= EXTRACTED RECORDS =
--------

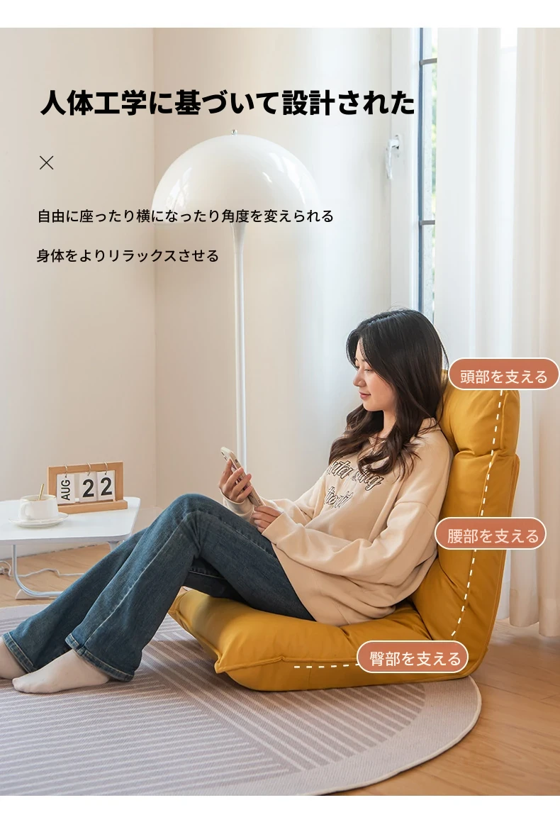 日本風リラックスソファ!畳スタイルのバルコニーや窓際にぴったり、学生寮やゲーミングに最適な寝室用背もたれ椅子。読書やリラックスに最適で、洗える&折りたたみ可能!快適さと便利さを兼ね備えた一品です。
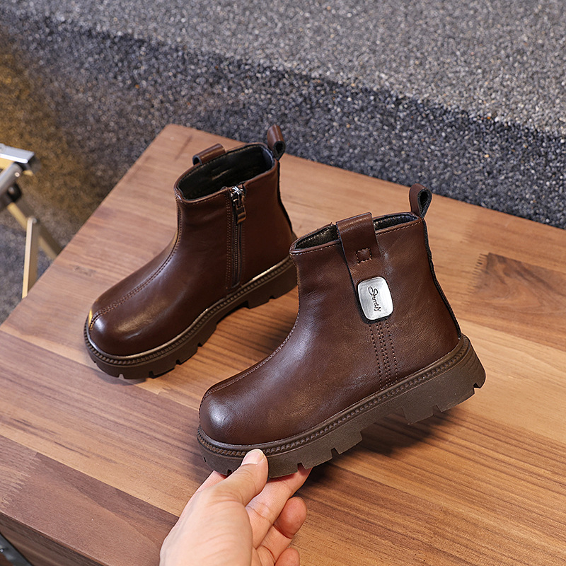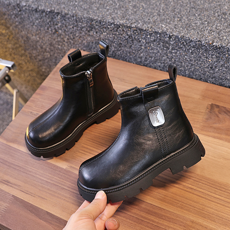 남녀 아동용 2025년 가을 신상품 아동용 숏부츠 한국 스타일 패션 심플 다용도 여아 가죽 부츠 라운드 토 면 부츠스토어 가기
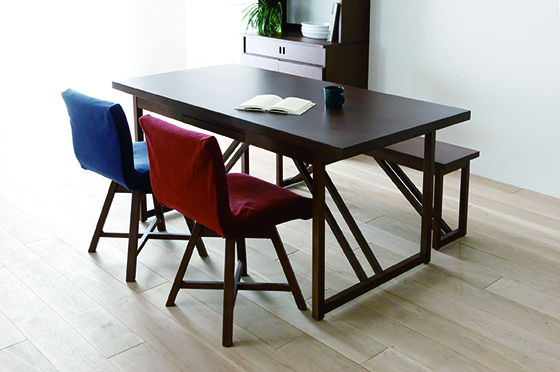 Calm color of Siam mahogany material that allows you to relax naturally, and the legs are unified to 28mm material, and the reinforcement part that is diagonally crossed is combined to create a unique design. The depth of the table is 77 cm, and the design is slightly narrower so that it does not give a feeling of oppression to the room.
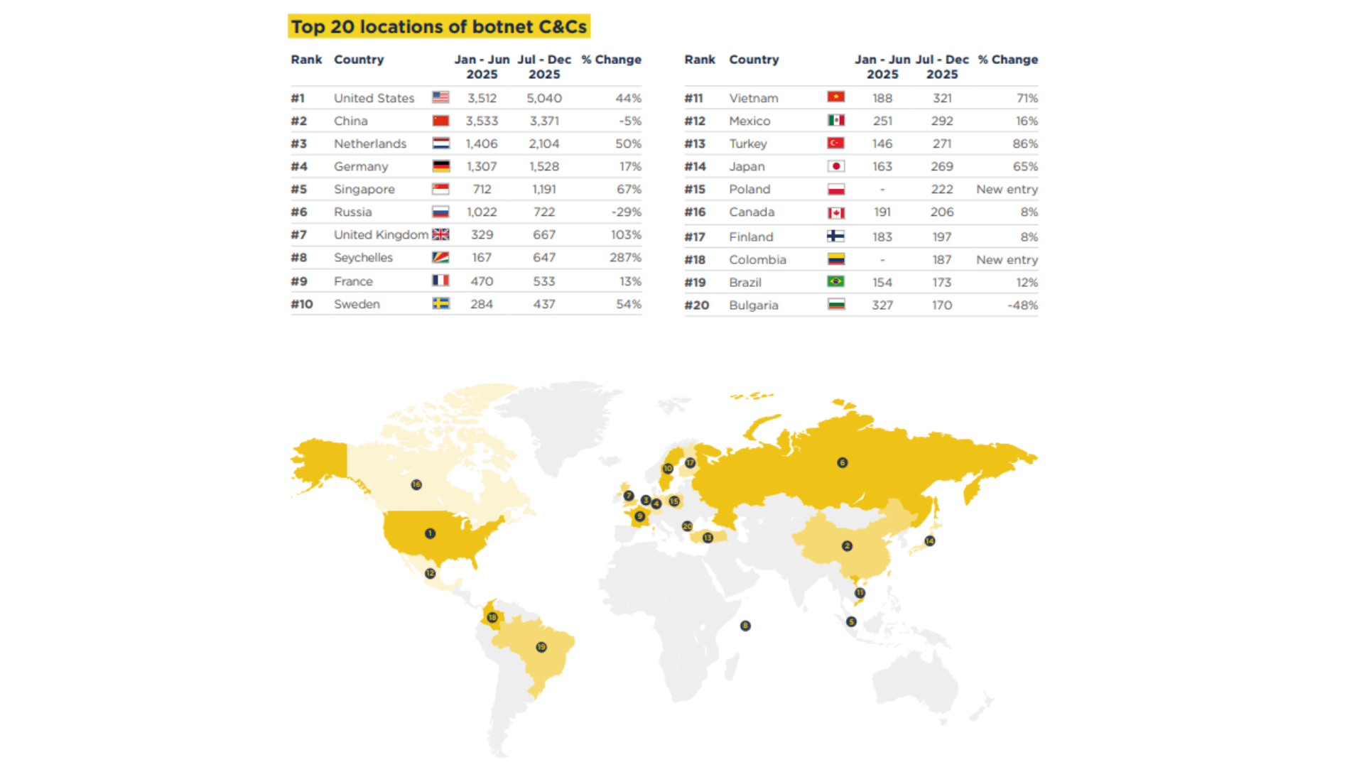 “A atividade de botnets disparou ao longo do último ano, com a Spamhaus registrando aumentos de 26% e 24% nos dois períodos de seis meses de janeiro a junho de 2025 e julho a dezembro de 2025, respectivamente. Esse aumento está associado ao surgimento de bots e dispositivos conectados nos Estados Unidos”, afirma a Pulsedive.
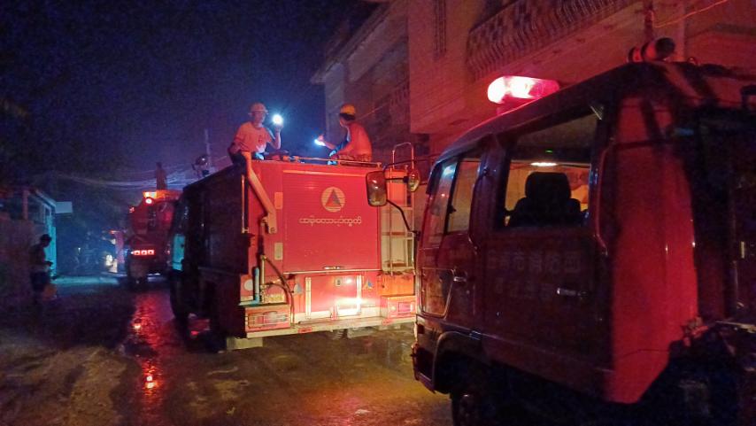 A combined team comprising fire fighters from the Township and District Fire Services Department led by U Than Tun Oo, Director of the Region Fire Services Department rushed to the incident scene to put out the fire in cooperation with local police members, locals and auxiliary fire fighters with seven fire engines and five water tankers, and the blaze was completely extinguished at about 10:35 pm.
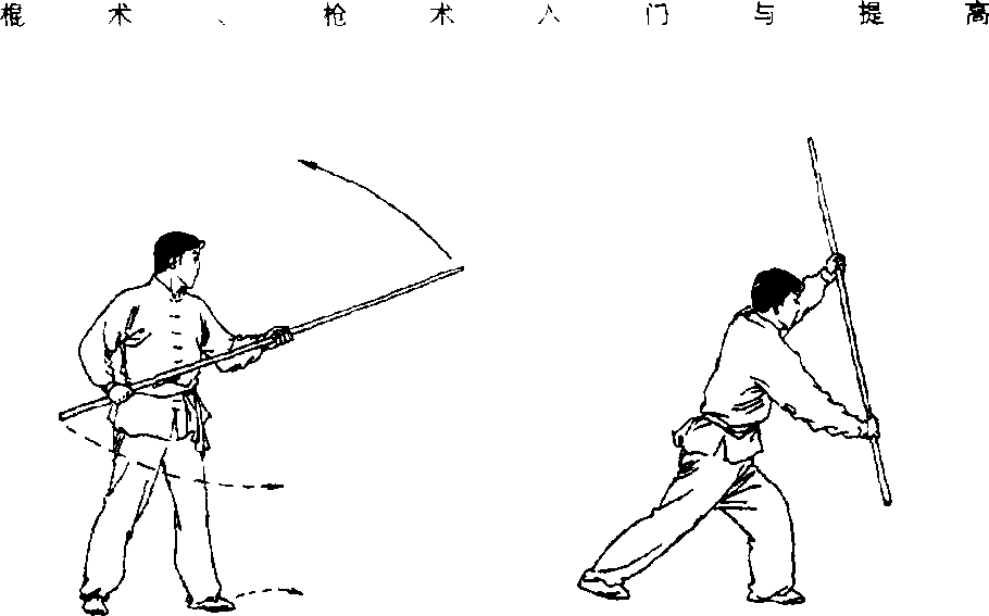 棍法含义:属近距离进攻性动作。主要以棍身推撞对方 躯干部位。动作:1. 预备姿势同格棍(图75)。2. 左脚向前跨一大步,两手握棍以棍身向前推击,棍斜 于体前(图76);也可棍成水平横推。要点:推棍要佯同身体重心前移,两手同时用力。练习:按动作图示反复体会,结合行进间练习,棍梢、棍把交替 在上。易犯错误:身体步法未跟上,与推棍用力不一致。纠正方法:按要点体会,也可两人一组配合做攻防练习。
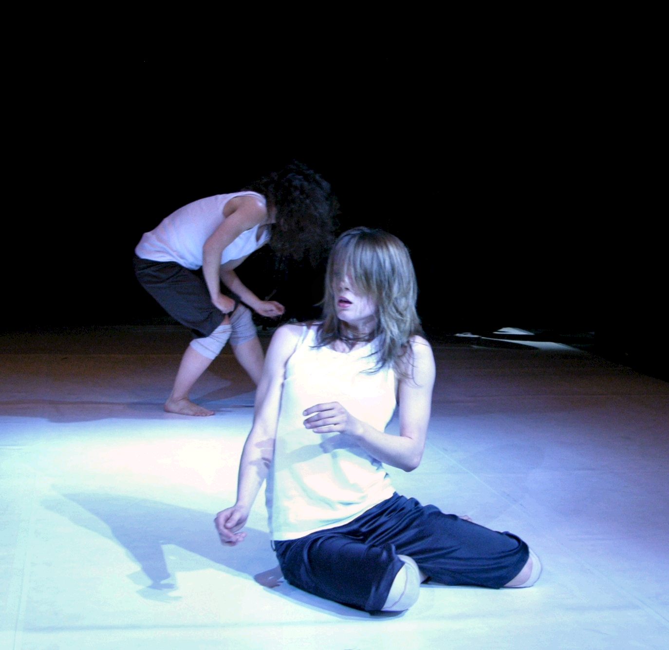 These are the only words that the dancers exchange during the piece. The story is about two women on the run, attached to each other by a common fate, and about their interaction. The character of their relationship was intended to remain open, as Cynthia revealed in a discussion with the audience which she offered after the performance, and it should leave enough room for the fantasy of the spectators. The announcement of the performance was more specific, stating that the women make use of the "animalistic and overwhelming power of the dance to find a way back to each other" (my translation from German).
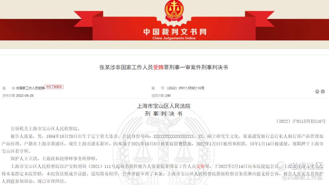 凤凰网财经讯4月26日,中国裁判文书网披一起案件显示,浦发银行总行私人银行部产品管理处原产品经理张某东利用负责金融产品的引入、发行、运营的职务便利,为他人谋取利益,3年时间非法收受他人贿赂205.37万元。张某东被判处有期徒刑三年,并处罚金10万元。天风证券、天弘基金、中信建投等多家金融机构被牵扯其中。
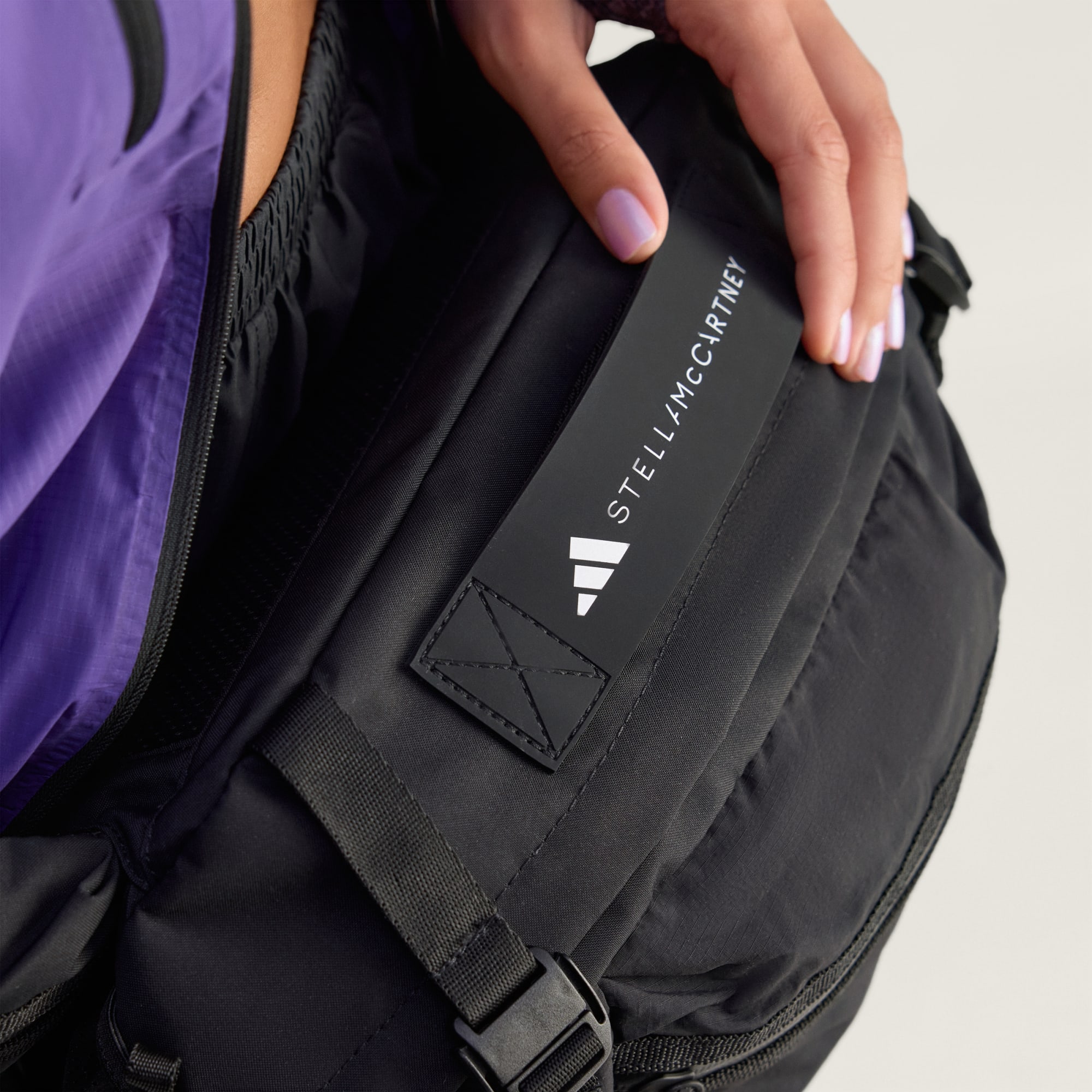 Avec le sac MultiSport adidas by Stella McCartney, tu as plusieurs options. C'est pour cela qu'il a été conçu : une polyvalence totale. Il possède une bandoulière amovible, des sangles supplémentaires à la base pour attacher ton tapis de yoga et des zips à l'intérieur et à l'extérieur pour organiser tes affaires et y accéder facilement. Porte-le à ta façon, en bandoulière ou autour de la taille. Ce sac (ou ces sacs si tu les détaches) évolue en fonction de tes besoins. Ce produit est conçu avec au moins 50 % de matériaux recyclés. En réutilisant des matériaux déjà créés, nous contribuons à réduire les déchets et notre dépendance aux ressources limitées, afin de réduire l'empreinte écologique des produits que nous fabriquons.
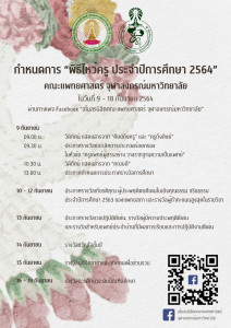 “พิธีไหว้ครู ประจำปีการศึกษา 2564” คณะแพทยศาสตร์ จุฬาลงกรณ์มหาวิทยาลัย Posted on08 ก.ย. 2021Tags#mdcu, chula, chulalongkorn, medicine, คณะแพทยศาสตร์จุฬาลงกรณ์มหาวิทยาลัย, คณะแพทยศาสตร์จุฬาฯ, คณะแพทย์จุฬาฯ, แพทย์จุฬาฯ จัดขึ้นในวันที่ 9 – 18 กันยายน 2564 โดยมีกิจกรรมดังนี้ 9 ก.ย. 64 – กิจกรรมไหว้ครู ในรูปแบบวิดิทัศน์ 10-18 ก.ย. 64 – การประกาศรางวัลการศึกษา ประจำปีการศึกษา 2563 ผ่านทางเพจ : สโมสรนิ... Read More
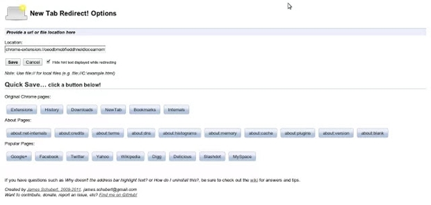 위에서 소개해드린 새 탭 부가기능과 달리 New Tab Redirect는 확장 기능, 방문 기록, 플러그인 등의 오리지널 크롬 페이지 혹은 단일 웹페이지 주소 등을 설정 후 새 탭으로 열어주는 기능입니다. 여러 웹사이트를 선택하는 Tab이 아닌 원하는 페이지를 바로 열고 싶으신 분들에게 유용할 듯.

--------

= TASK STATEMENT =
Copy the listing exactly. Any image in it stays out of the copy.

= ANSWER BELOW =
 日本風リラックスソファ!畳スタイルのバルコニーや窓際にぴったり、学生寮やゲーミングに最適な寝室用背もたれ椅子。読書やリラックスに最適で、洗える&折りたたみ可能!快適さと便利さを兼ね備えた一品です。
 남녀 아동용 2025년 가을 신상품 아동용 숏부츠 한국 스타일 패션 심플 다용도 여아 가죽 부츠 라운드 토 면 부츠스토어 가기
 Calm color of Siam mahogany material that allows you to relax naturally, and the legs are unified to 28mm material, and the reinforcement part that is diagonally crossed is combined to create a unique design. The depth of the table is 77 cm, and the design is slightly narrower so that it does not give a feeling of oppression to the room.
 “A atividade de botnets disparou ao longo do último ano, com a Spamhaus registrando aumentos de 26% e 24% nos dois períodos de seis meses de janeiro a junho de 2025 e julho a dezembro de 2025, respectivamente. Esse aumento está associado ao surgimento de bots e dispositivos conectados nos Estados Unidos”, afirma a Pulsedive.
 A combined team comprising fire fighters from the Township and District Fire Services Department led by U Than Tun Oo, Director of the Region Fire Services Department rushed to the incident scene to put out the fire in cooperation with local police members, locals and auxiliary fire fighters with seven fire engines and five water tankers, and the blaze was completely extinguished at about 10:35 pm.
 棍法含义:属近距离进攻性动作。主要以棍身推撞对方 躯干部位。动作:1. 预备姿势同格棍(图75)。2. 左脚向前跨一大步,两手握棍以棍身向前推击,棍斜 于体前(图76);也可棍成水平横推。要点:推棍要佯同身体重心前移,两手同时用力。练习:按动作图示反复体会,结合行进间练习,棍梢、棍把交替 在上。易犯错误:身体步法未跟上,与推棍用力不一致。纠正方法:按要点体会,也可两人一组配合做攻防练习。
 These are the only words that the dancers exchange during the piece. The story is about two women on the run, attached to each other by a common fate, and about their interaction. The character of their relationship was intended to remain open, as Cynthia revealed in a discussion with the audience which she offered after the performance, and it should leave enough room for the fantasy of the spectators. The announcement of the performance was more specific, stating that the women make use of the "animalistic and overwhelming power of the dance to find a way back to each other" (my translation from German).
 凤凰网财经讯4月26日,中国裁判文书网披一起案件显示,浦发银行总行私人银行部产品管理处原产品经理张某东利用负责金融产品的引入、发行、运营的职务便利,为他人谋取利益,3年时间非法收受他人贿赂205.37万元。张某东被判处有期徒刑三年,并处罚金10万元。天风证券、天弘基金、中信建投等多家金融机构被牵扯其中。
 Avec le sac MultiSport adidas by Stella McCartney, tu as plusieurs options. C'est pour cela qu'il a été conçu : une polyvalence totale. Il possède une bandoulière amovible, des sangles supplémentaires à la base pour attacher ton tapis de yoga et des zips à l'intérieur et à l'extérieur pour organiser tes affaires et y accéder facilement. Porte-le à ta façon, en bandoulière ou autour de la taille. Ce sac (ou ces sacs si tu les détaches) évolue en fonction de tes besoins. Ce produit est conçu avec au moins 50 % de matériaux recyclés. En réutilisant des matériaux déjà créés, nous contribuons à réduire les déchets et notre dépendance aux ressources limitées, afin de réduire l'empreinte écologique des produits que nous fabriquons.
 “พิธีไหว้ครู ประจำปีการศึกษา 2564” คณะแพทยศาสตร์ จุฬาลงกรณ์มหาวิทยาลัย Posted on08 ก.ย. 2021Tags#mdcu, chula, chulalongkorn, medicine, คณะแพทยศาสตร์จุฬาลงกรณ์มหาวิทยาลัย, คณะแพทยศาสตร์จุฬาฯ, คณะแพทย์จุฬาฯ, แพทย์จุฬาฯ จัดขึ้นในวันที่ 9 – 18 กันยายน 2564 โดยมีกิจกรรมดังนี้ 9 ก.ย. 64 – กิจกรรมไหว้ครู ในรูปแบบวิดิทัศน์ 10-18 ก.ย. 64 – การประกาศรางวัลการศึกษา ประจำปีการศึกษา 2563 ผ่านทางเพจ : สโมสรนิ... Read More
 위에서 소개해드린 새 탭 부가기능과 달리 New Tab Redirect는 확장 기능, 방문 기록, 플러그인 등의 오리지널 크롬 페이지 혹은 단일 웹페이지 주소 등을 설정 후 새 탭으로 열어주는 기능입니다. 여러 웹사이트를 선택하는 Tab이 아닌 원하는 페이지를 바로 열고 싶으신 분들에게 유용할 듯.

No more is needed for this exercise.